Recorded data
--------------------------------

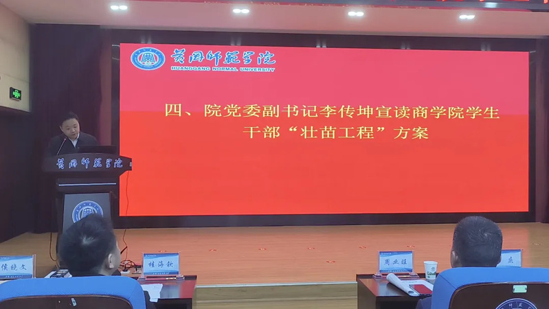 院党委副书记李传坤宣读海角热点最新消息学生干部“壮苗工程”方案。
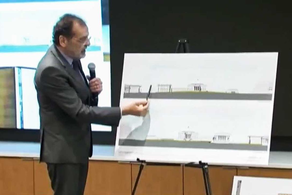 "I did mention the potential for a future addition, a one-story addition to the West Wing. And that would occur right here," one architect explained during a presentation on Thursday. "And you can see that the reason to think that is so that we would reinstate the symmetry along, around the central pavilion of the White House. We haven't looked at, we haven't looked at that at all yet, but hope to do so in the future."
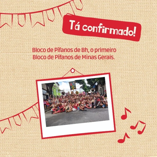 Abrilhantando os festejos haverá as apresentações dos: Bloco de Pífanos BH, Assum Preto, Thiago Amador. Além da presença da bateria e banda do Andacunfé tocando as mais lindas de mestre Gilberto Gil.
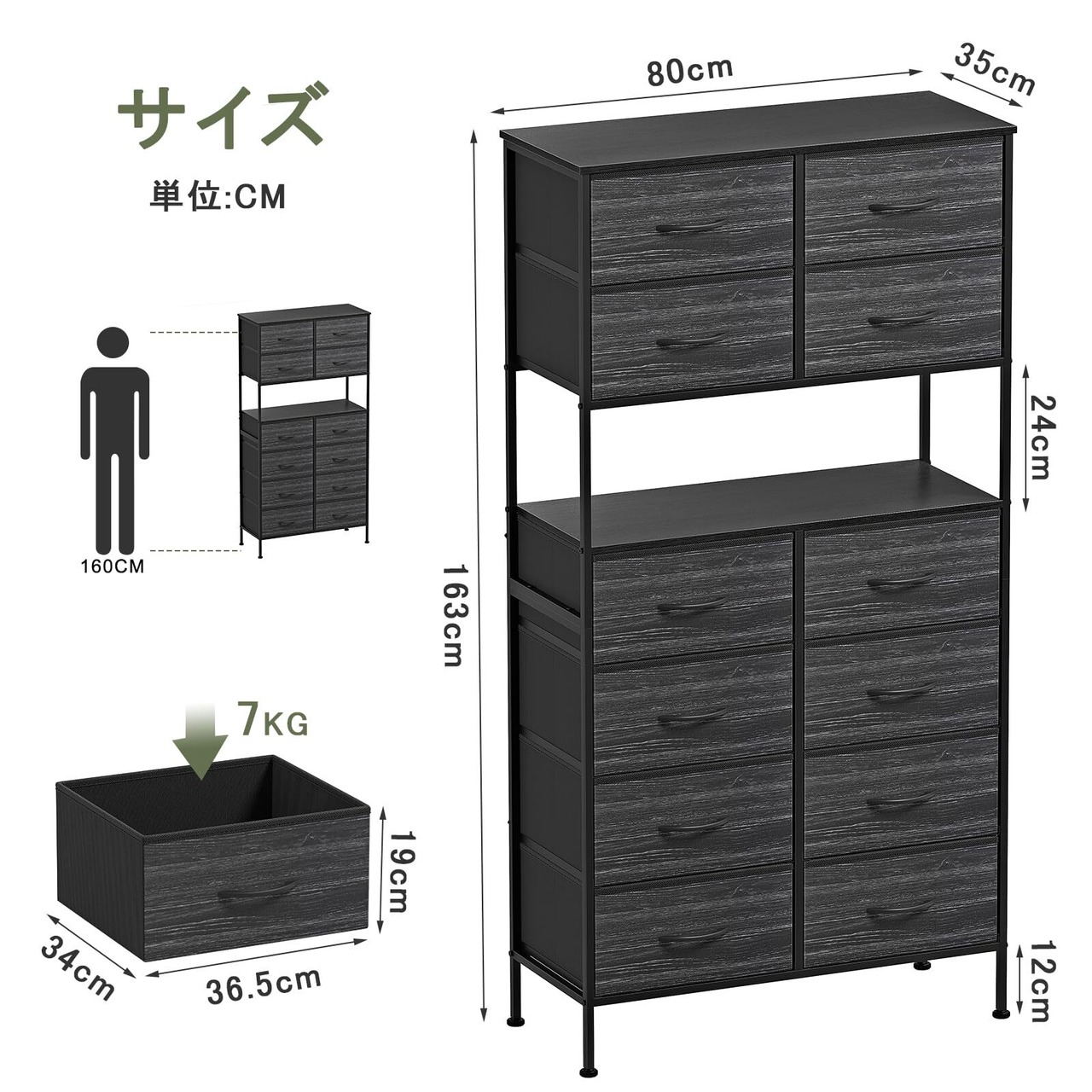 「12杯引き出し大容量の収納力」12杯の引き出しにより、たっぷりと収納できるため、衣類や小物、書類などさまざまなアイテムを整理整頓するのが簡単です。使い勝手も抜群です。日常生活で必要なものをしっかりと収納できます。
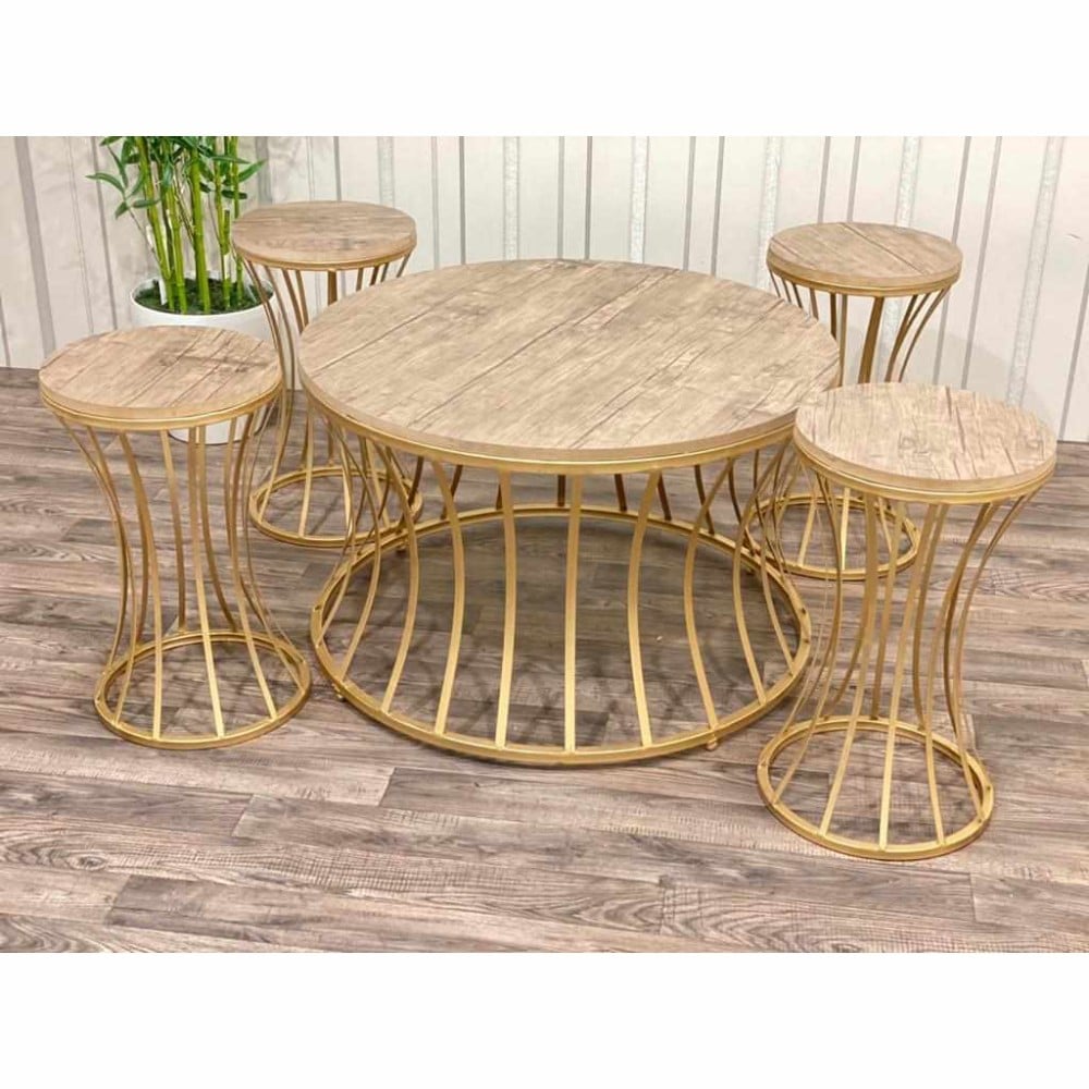 تباهي بطريقة تقديم فاخرة مع طقم طاولات جانبية فريدة. تتميز الطاولات بسطح بيضاوي أنيق مصنوع من خشب عالي الجودة متصّل في الأطراف بقاعدة ذهبية لافتة للأنظار. يتكوّن الطقم من طاولتين متداخلتين بمقاسات مختلفة 65*45*50 سم و55*36*40 سم
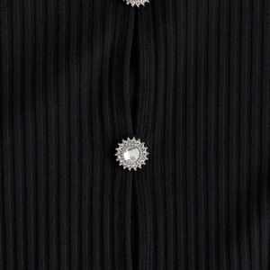 New Stylish Black Ribbed Button-Up Top

--------------------------------

■ Exercise details ■
Find the line that contains "Abrilhantando os festejos", then write out that line and every line after it through the end of the records, exactly. Leave the pictures out.

■ Final answer ■
 Abrilhantando os festejos haverá as apresentações dos: Bloco de Pífanos BH, Assum Preto, Thiago Amador. Além da presença da bateria e banda do Andacunfé tocando as mais lindas de mestre Gilberto Gil.
 「12杯引き出し大容量の収納力」12杯の引き出しにより、たっぷりと収納できるため、衣類や小物、書類などさまざまなアイテムを整理整頓するのが簡単です。使い勝手も抜群です。日常生活で必要なものをしっかりと収納できます。
 تباهي بطريقة تقديم فاخرة مع طقم طاولات جانبية فريدة. تتميز الطاولات بسطح بيضاوي أنيق مصنوع من خشب عالي الجودة متصّل في الأطراف بقاعدة ذهبية لافتة للأنظار. يتكوّن الطقم من طاولتين متداخلتين بمقاسات مختلفة 65*45*50 سم و55*36*40 سم
 New Stylish Black Ribbed Button-Up Top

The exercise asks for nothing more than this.